### Records for this task
Segment Open

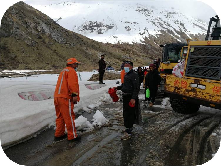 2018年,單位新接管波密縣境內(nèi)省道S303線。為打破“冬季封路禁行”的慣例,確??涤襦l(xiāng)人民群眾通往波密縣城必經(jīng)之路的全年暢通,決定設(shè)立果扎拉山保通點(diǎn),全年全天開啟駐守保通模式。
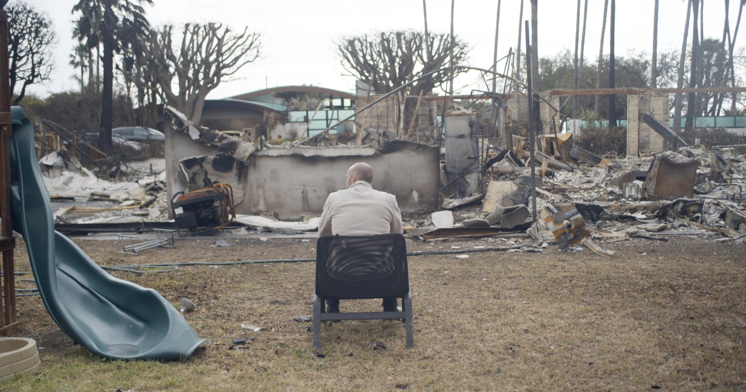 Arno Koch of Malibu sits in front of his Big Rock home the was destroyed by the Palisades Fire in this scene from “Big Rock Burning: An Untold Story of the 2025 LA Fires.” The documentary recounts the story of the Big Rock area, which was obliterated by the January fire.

Segment Closed
Segment Open

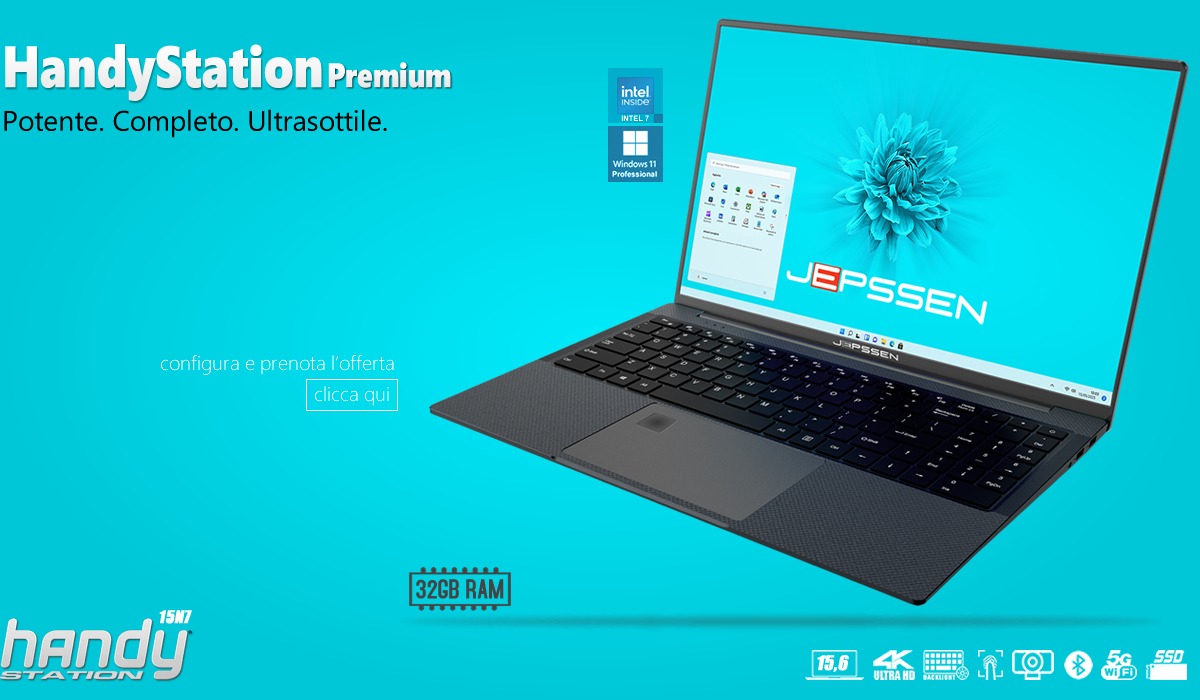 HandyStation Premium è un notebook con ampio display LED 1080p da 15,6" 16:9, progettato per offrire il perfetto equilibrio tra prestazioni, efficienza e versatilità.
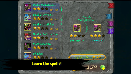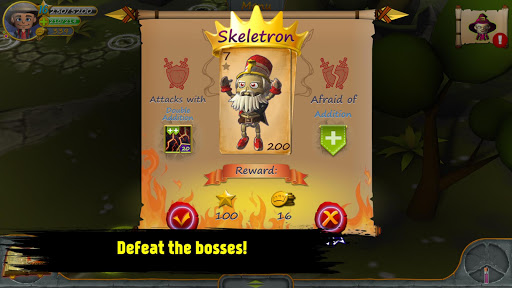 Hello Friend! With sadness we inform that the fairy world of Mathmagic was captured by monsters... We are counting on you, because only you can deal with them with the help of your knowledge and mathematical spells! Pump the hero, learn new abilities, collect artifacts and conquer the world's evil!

Segment Closed

### Task instructions
Within these entries, output exactly the lines starting at the one with "2018年,單位新接管波密縣" and finishing at the one with "Arno Koch of". Leave pictures out of the output.

### Answer section
 2018年,單位新接管波密縣境內(nèi)省道S303線。為打破“冬季封路禁行”的慣例,確??涤襦l(xiāng)人民群眾通往波密縣城必經(jīng)之路的全年暢通,決定設(shè)立果扎拉山保通點(diǎn),全年全天開啟駐守保通模式。
 Arno Koch of Malibu sits in front of his Big Rock home the was destroyed by the Palisades Fire in this scene from “Big Rock Burning: An Untold Story of the 2025 LA Fires.” The documentary recounts the story of the Big Rock area, which was obliterated by the January fire.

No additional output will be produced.